Not a shill. I'm very pro-crypto. BTC and every other system based on ECC are in grave danger. These lattice methods are a hop skip and a jump away from being used to unravel DLP problems. It took from 2016 until 2021 for them to crack RSA once the attack vector was understood. It'll take then much less than that to crack ECC. Fortunately for most people, Public keys are not exposed on the blockchain until spent. The people who will be fucked are people operating live hit wallets with exposed public keys (like crypto exchanges). Before long all trading will grind to a halt due to the ridiculous measures they'll need to take to protect their public keys.
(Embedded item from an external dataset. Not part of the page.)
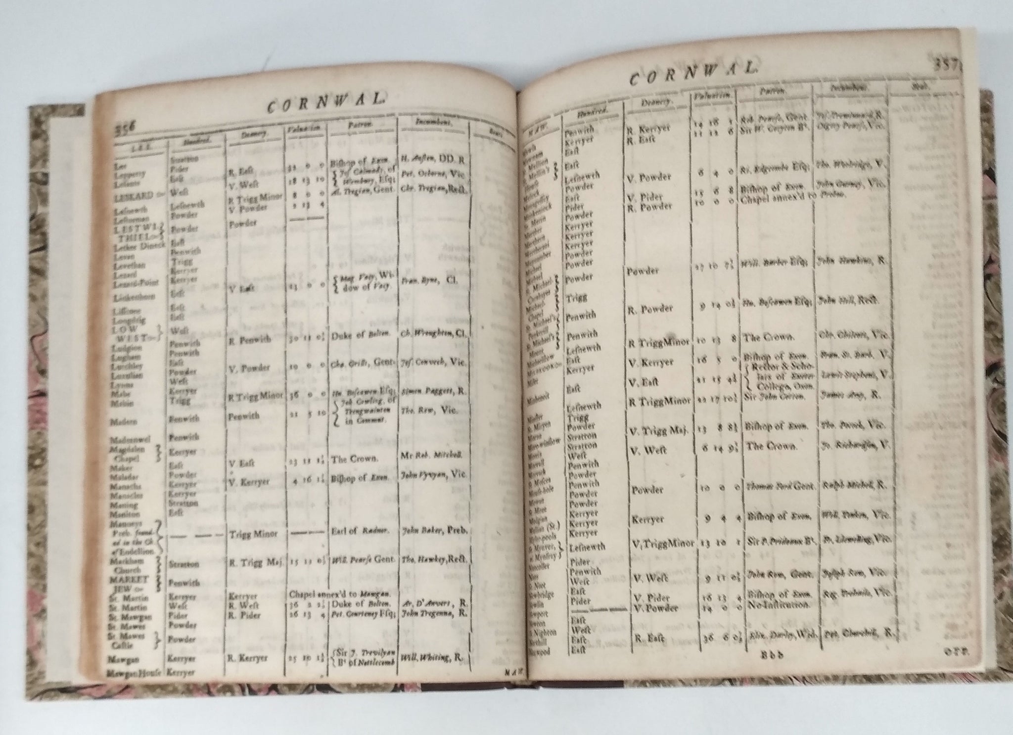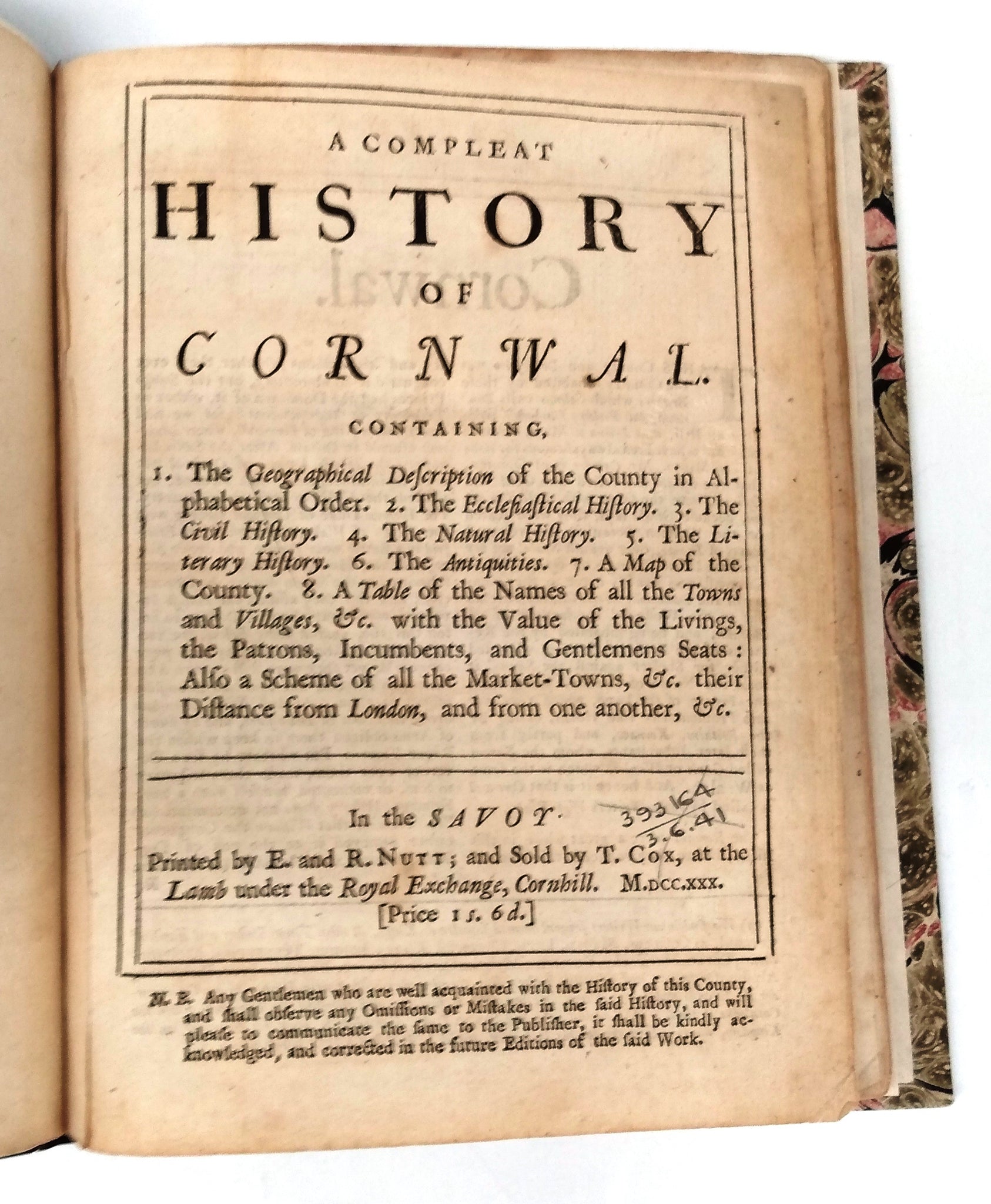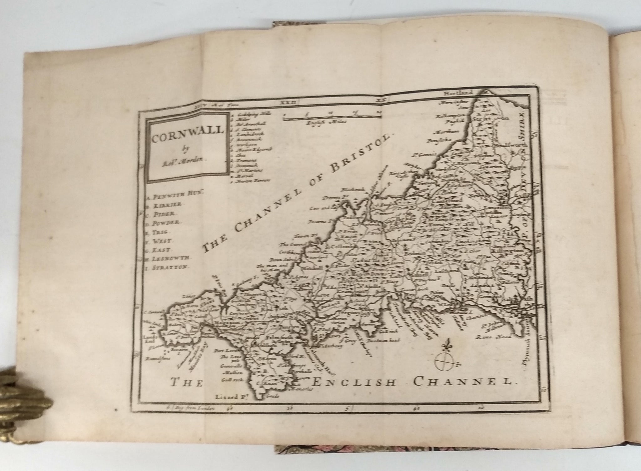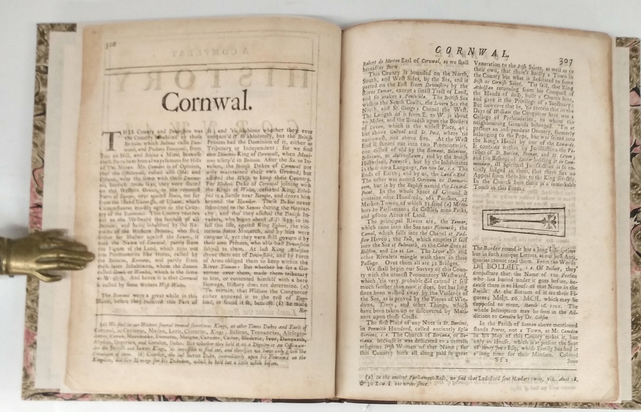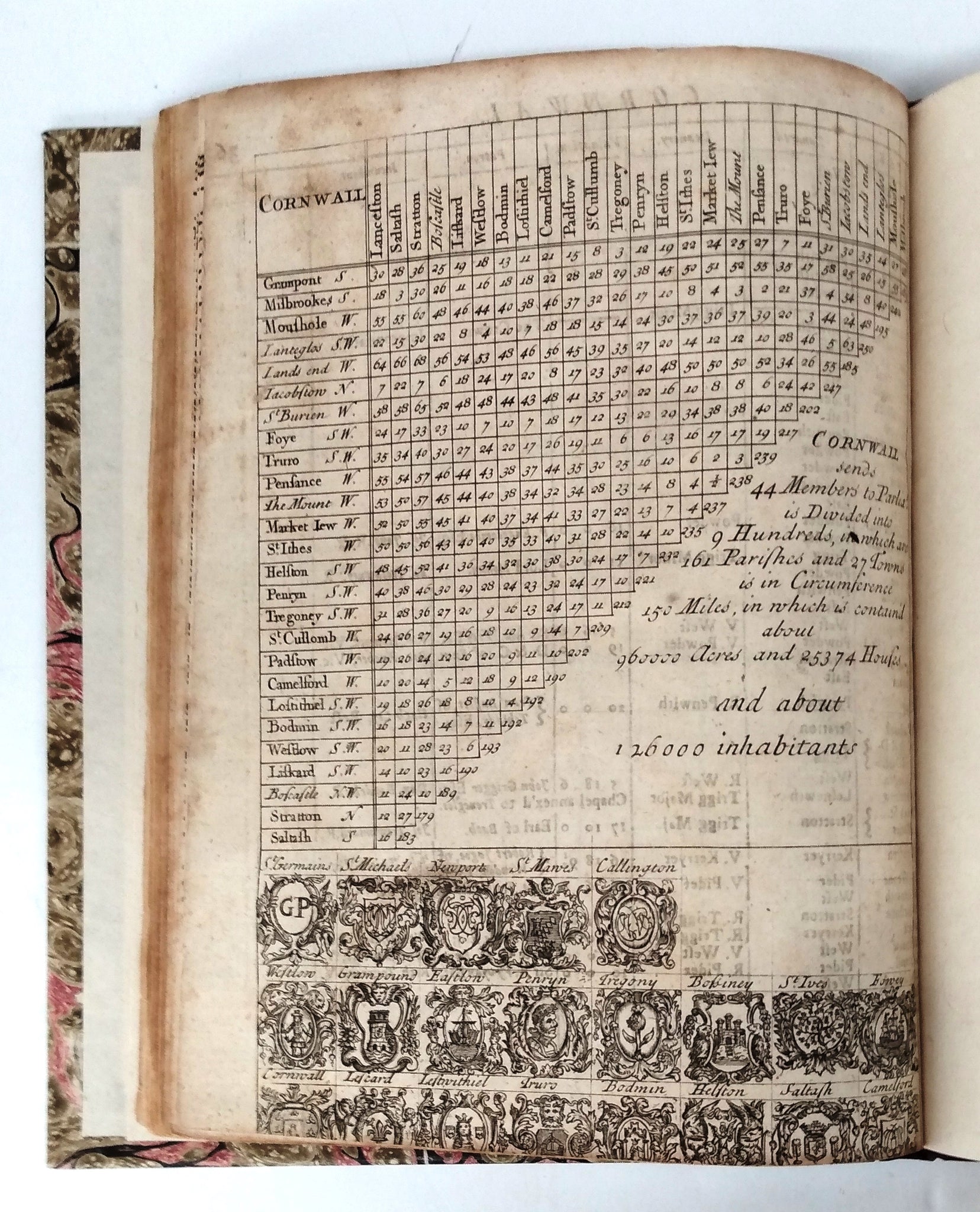 Title continues: "Containing, I. The Geographical Description of the County in Alphabetical Order. 2. The Ecclesiastical History. 3. The Civil History. 4. The Natural History. 5. The Literary History. 6. The Antiquities. 7. A Map of the County. 8. A Table of the Names of all the Towns and Villages, &c. with the Value of the Livings, the Patrons, Incumbents, and Gentlemens Seats: Also a Scheme of all the Market-Towns, &c. their Distance from London, and from one another, &c." This book appears to be one section of "Magna Britannia et Hibernia, antiqua & nova. Or, a new survey of Great Britain" of which one of the authors was Thomas Cox and Robert Morden was cartographer. Some of the individual counties were re-issued separately with a new title page in 1730, retaining the original pagination. Each county chapter had a folding engraved map by Morden and an engraved table of distances at rear, in this case on the verso of the final text-page. Here T. Cox is named as bookseller on the title page but a Thomas Cox is known to have been one of the authors of "Magna Britannia," along with Anthony Hall and John Sturt.

BTC needs a DSA algorithm update NOW. Or it's fucking over.
This paper was finalized TODAY, with proof provided of a solution test case solved in Polynomial time. Read the paper if you can grok it. Google the author if you can't. Why would a renowned cryptographer pronounce time of death on one of his own inventions?
I wouldn't sell based on this news personally. Cracking RSA just proves the effectiveness of these lattice-based approaches. ECC is also being tested and likely will fall right behind RSA. I think there's time to fix Bitcoin to use a non-DLP based DSA, so hold onto your coins.
He proved he can crack RSA with lattice based methods, reducing them to P some of the time and getting them pretty damn close all of the time. These lattice based methods can be viewed almost like a multidimensional binary sort. Sometimes you just guess wrong and have to try the other chain. So there's an element of chance that keeps it from being purely P.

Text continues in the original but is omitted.